What you have to do. Repeat exactly the stretch of lines that starts with the one containing "添付は大クス(2枚)と西都原" and ends with the last line of the material. Leave out pictures.

Source material.

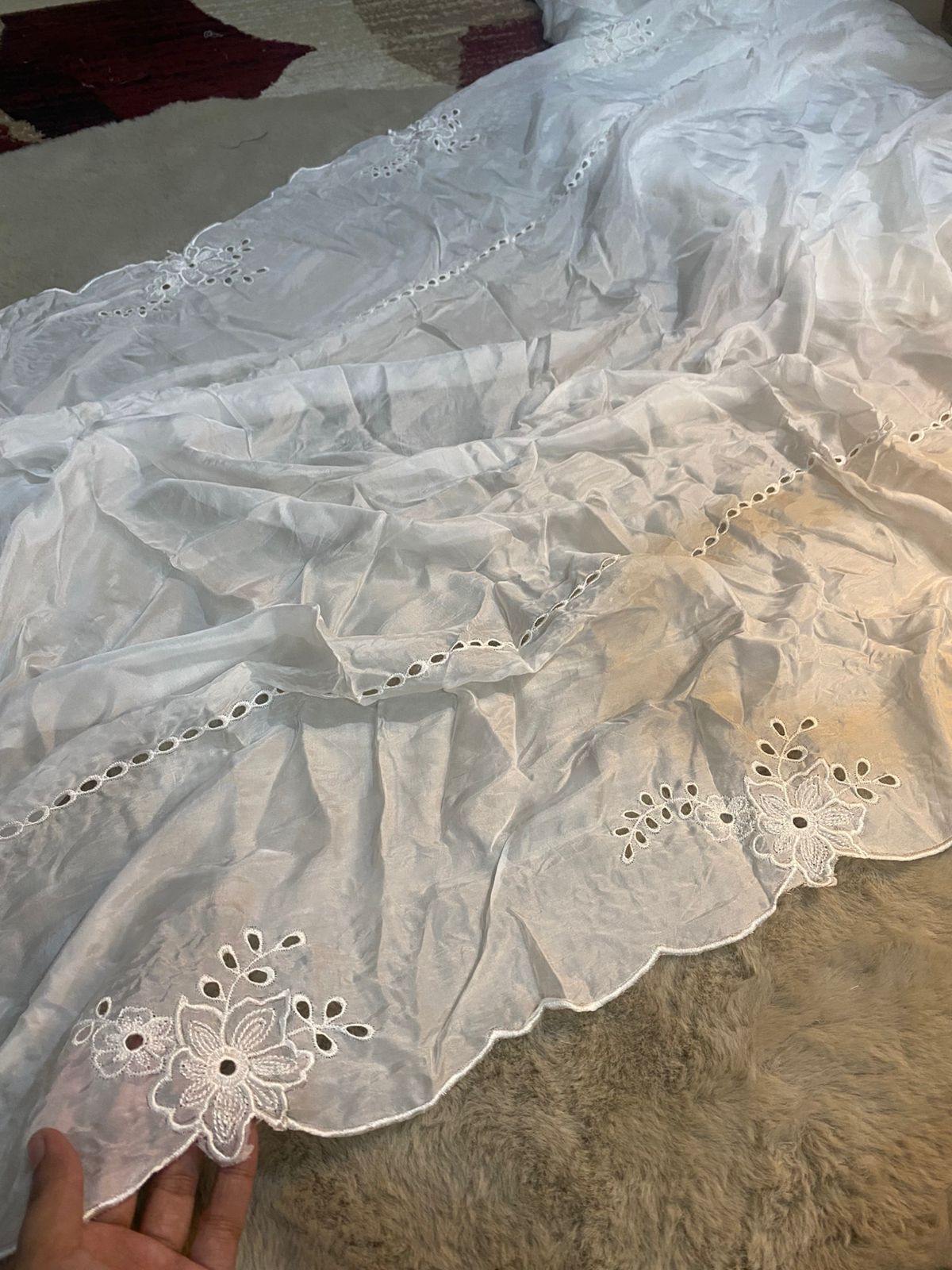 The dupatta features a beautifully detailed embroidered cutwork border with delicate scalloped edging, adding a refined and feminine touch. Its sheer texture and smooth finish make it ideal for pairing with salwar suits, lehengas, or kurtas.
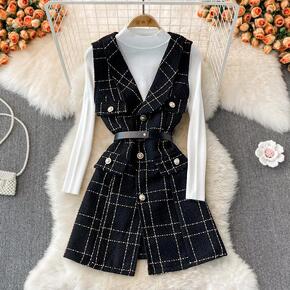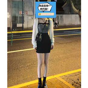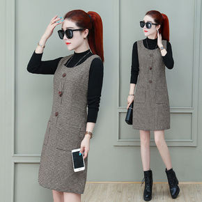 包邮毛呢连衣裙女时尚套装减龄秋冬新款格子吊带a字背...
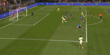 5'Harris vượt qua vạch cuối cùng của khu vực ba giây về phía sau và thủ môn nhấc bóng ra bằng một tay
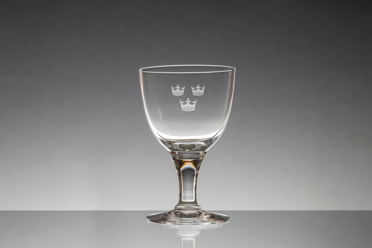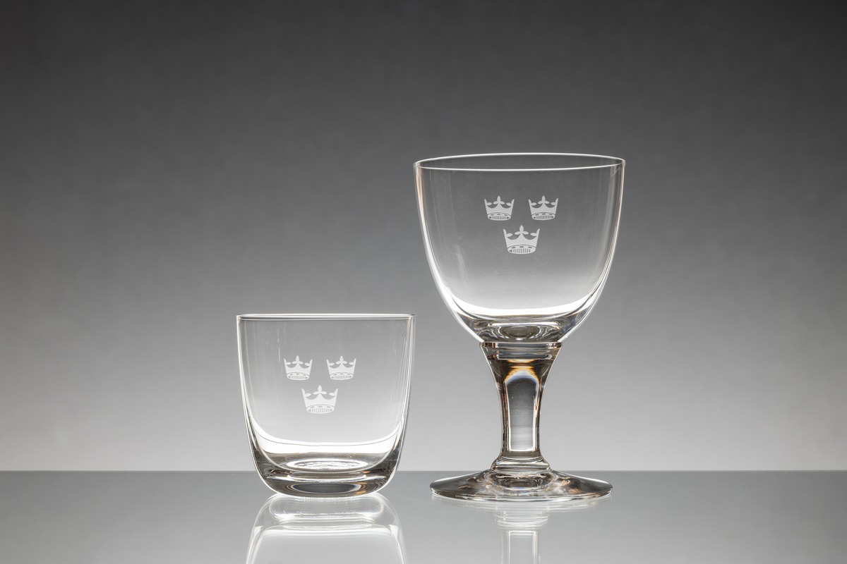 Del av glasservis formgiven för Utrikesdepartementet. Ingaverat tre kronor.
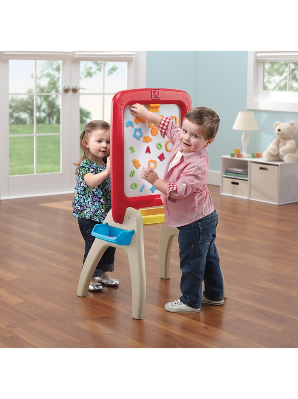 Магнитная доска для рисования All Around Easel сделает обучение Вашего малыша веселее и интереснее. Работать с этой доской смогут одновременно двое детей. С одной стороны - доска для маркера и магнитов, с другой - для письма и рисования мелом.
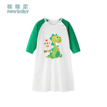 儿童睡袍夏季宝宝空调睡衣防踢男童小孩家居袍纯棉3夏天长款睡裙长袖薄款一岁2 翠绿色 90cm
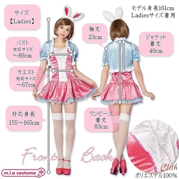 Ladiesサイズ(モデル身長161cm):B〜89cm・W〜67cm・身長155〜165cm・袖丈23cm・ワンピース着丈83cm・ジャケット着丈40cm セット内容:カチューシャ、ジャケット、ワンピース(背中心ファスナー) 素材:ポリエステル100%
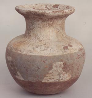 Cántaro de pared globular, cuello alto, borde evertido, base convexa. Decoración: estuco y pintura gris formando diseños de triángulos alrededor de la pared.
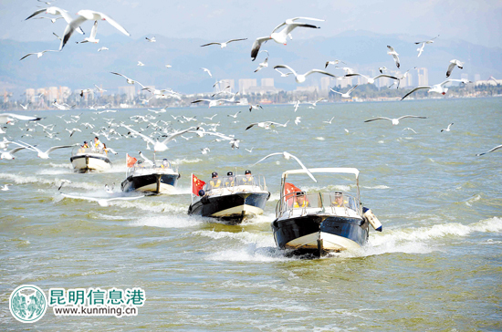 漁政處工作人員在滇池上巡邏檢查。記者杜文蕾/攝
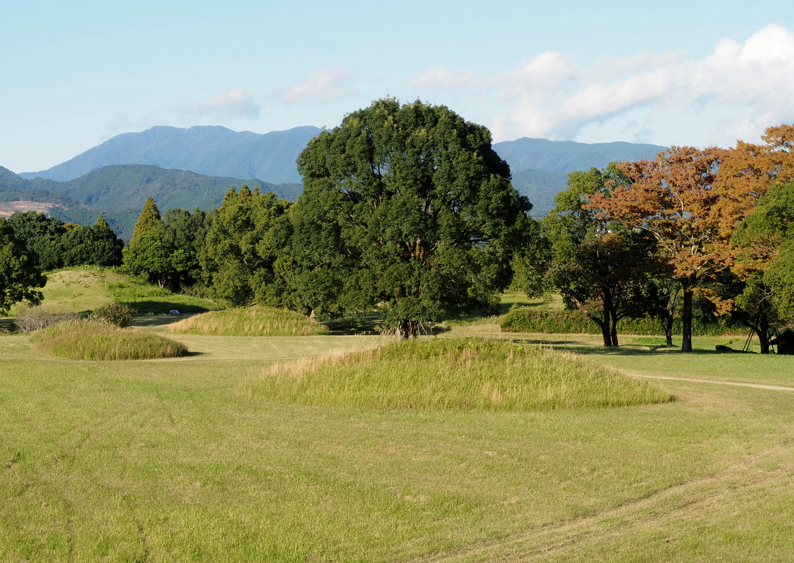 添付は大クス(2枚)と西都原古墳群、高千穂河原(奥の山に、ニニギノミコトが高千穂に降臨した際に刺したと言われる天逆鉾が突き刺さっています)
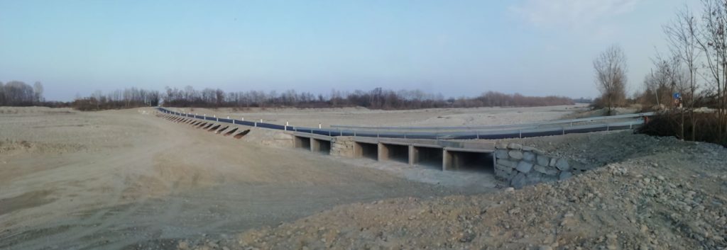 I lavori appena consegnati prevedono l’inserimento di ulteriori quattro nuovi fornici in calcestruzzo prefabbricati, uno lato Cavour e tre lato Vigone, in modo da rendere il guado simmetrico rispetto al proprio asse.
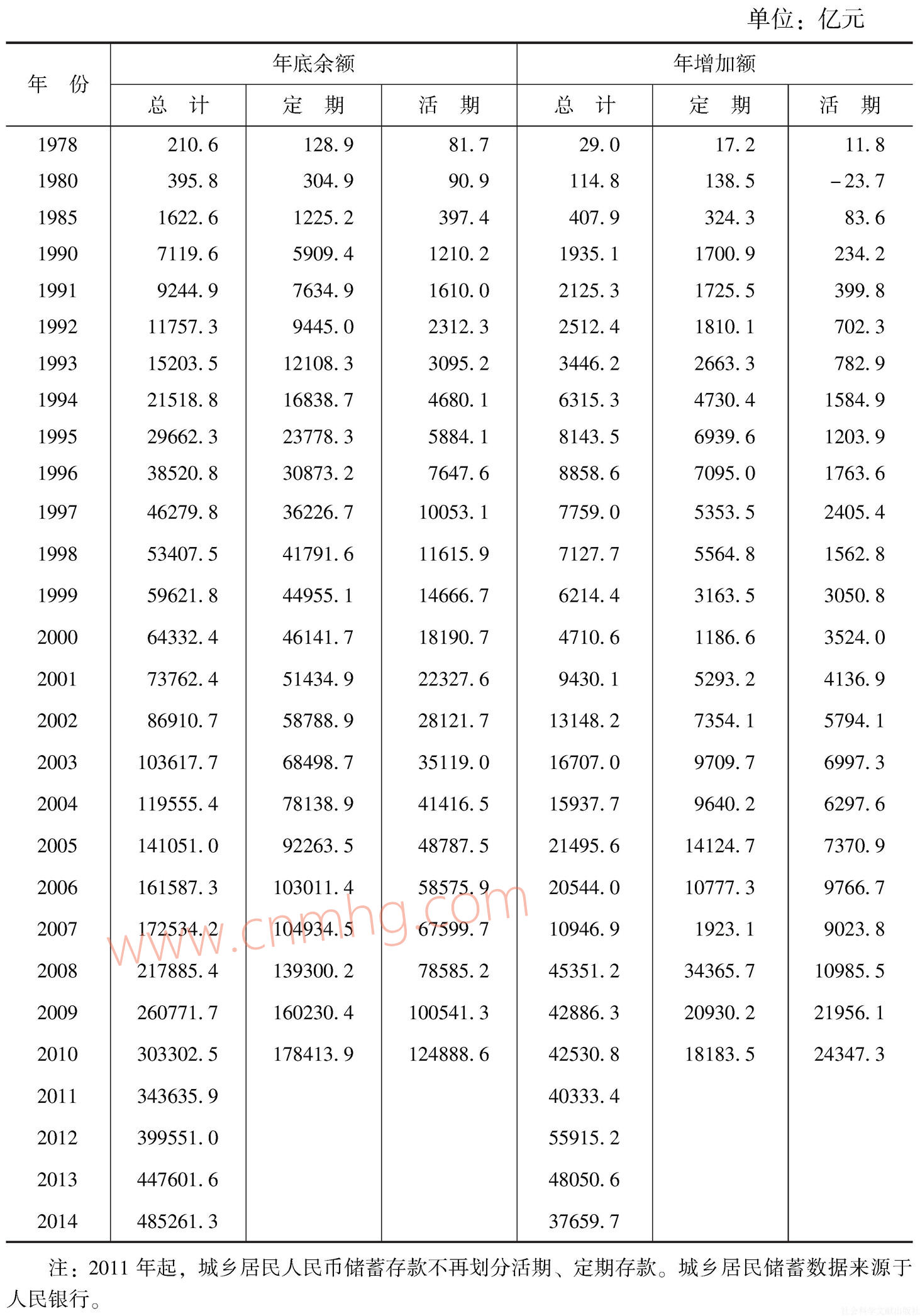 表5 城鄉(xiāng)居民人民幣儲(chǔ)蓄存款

Task response.
 添付は大クス(2枚)と西都原古墳群、高千穂河原(奥の山に、ニニギノミコトが高千穂に降臨した際に刺したと言われる天逆鉾が突き刺さっています)
 I lavori appena consegnati prevedono l’inserimento di ulteriori quattro nuovi fornici in calcestruzzo prefabbricati, uno lato Cavour e tre lato Vigone, in modo da rendere il guado simmetrico rispetto al proprio asse.
 表5 城鄉(xiāng)居民人民幣儲(chǔ)蓄存款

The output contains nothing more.